_EXERCISE AIM_:
Will you output the entries below exactly, skipping every image they contain?

(Data items)
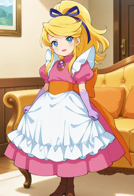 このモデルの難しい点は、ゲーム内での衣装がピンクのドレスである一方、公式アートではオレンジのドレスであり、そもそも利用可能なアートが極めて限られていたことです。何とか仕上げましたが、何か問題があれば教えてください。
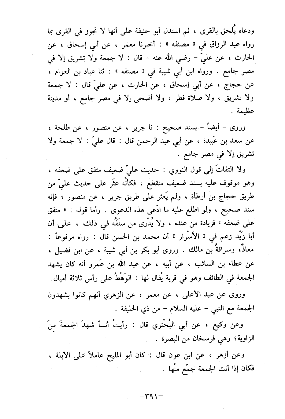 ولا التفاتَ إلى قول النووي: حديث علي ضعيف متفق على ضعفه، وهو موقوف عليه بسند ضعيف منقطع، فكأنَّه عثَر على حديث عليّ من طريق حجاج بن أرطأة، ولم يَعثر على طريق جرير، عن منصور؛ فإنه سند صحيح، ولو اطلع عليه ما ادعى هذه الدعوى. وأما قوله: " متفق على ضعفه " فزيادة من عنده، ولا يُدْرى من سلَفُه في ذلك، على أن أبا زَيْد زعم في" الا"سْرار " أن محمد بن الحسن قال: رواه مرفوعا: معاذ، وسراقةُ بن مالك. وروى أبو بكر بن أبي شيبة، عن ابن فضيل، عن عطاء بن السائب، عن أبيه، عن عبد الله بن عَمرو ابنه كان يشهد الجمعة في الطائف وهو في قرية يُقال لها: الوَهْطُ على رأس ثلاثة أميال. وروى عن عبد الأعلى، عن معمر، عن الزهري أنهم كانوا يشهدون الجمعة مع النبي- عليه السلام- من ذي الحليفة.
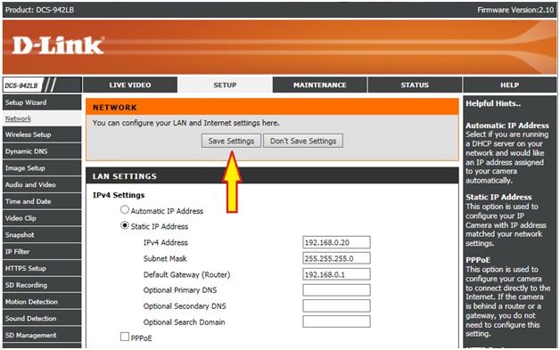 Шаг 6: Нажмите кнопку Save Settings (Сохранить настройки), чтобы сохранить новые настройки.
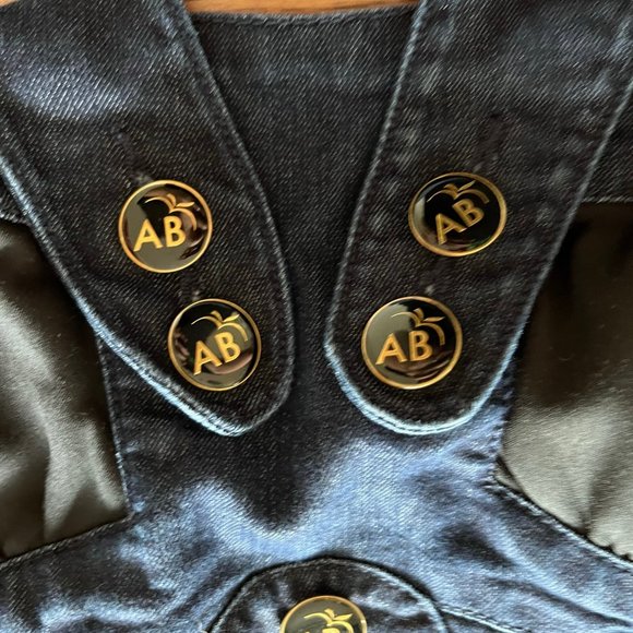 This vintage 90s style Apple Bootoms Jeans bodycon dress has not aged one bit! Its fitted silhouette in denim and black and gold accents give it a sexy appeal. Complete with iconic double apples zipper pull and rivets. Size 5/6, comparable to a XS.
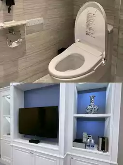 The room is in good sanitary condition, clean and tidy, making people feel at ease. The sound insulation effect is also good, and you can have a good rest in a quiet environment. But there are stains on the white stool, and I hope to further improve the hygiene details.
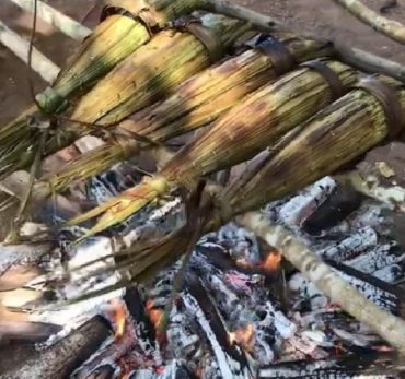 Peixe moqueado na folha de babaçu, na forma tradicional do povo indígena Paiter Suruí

_WRITTEN RESPONSE_:
 このモデルの難しい点は、ゲーム内での衣装がピンクのドレスである一方、公式アートではオレンジのドレスであり、そもそも利用可能なアートが極めて限られていたことです。何とか仕上げましたが、何か問題があれば教えてください。
 ولا التفاتَ إلى قول النووي: حديث علي ضعيف متفق على ضعفه، وهو موقوف عليه بسند ضعيف منقطع، فكأنَّه عثَر على حديث عليّ من طريق حجاج بن أرطأة، ولم يَعثر على طريق جرير، عن منصور؛ فإنه سند صحيح، ولو اطلع عليه ما ادعى هذه الدعوى. وأما قوله: " متفق على ضعفه " فزيادة من عنده، ولا يُدْرى من سلَفُه في ذلك، على أن أبا زَيْد زعم في" الا"سْرار " أن محمد بن الحسن قال: رواه مرفوعا: معاذ، وسراقةُ بن مالك. وروى أبو بكر بن أبي شيبة، عن ابن فضيل، عن عطاء بن السائب، عن أبيه، عن عبد الله بن عَمرو ابنه كان يشهد الجمعة في الطائف وهو في قرية يُقال لها: الوَهْطُ على رأس ثلاثة أميال. وروى عن عبد الأعلى، عن معمر، عن الزهري أنهم كانوا يشهدون الجمعة مع النبي- عليه السلام- من ذي الحليفة.
 Шаг 6: Нажмите кнопку Save Settings (Сохранить настройки), чтобы сохранить новые настройки.
 This vintage 90s style Apple Bootoms Jeans bodycon dress has not aged one bit! Its fitted silhouette in denim and black and gold accents give it a sexy appeal. Complete with iconic double apples zipper pull and rivets. Size 5/6, comparable to a XS.
 The room is in good sanitary condition, clean and tidy, making people feel at ease. The sound insulation effect is also good, and you can have a good rest in a quiet environment. But there are stains on the white stool, and I hope to further improve the hygiene details.
 Peixe moqueado na folha de babaçu, na forma tradicional do povo indígena Paiter Suruí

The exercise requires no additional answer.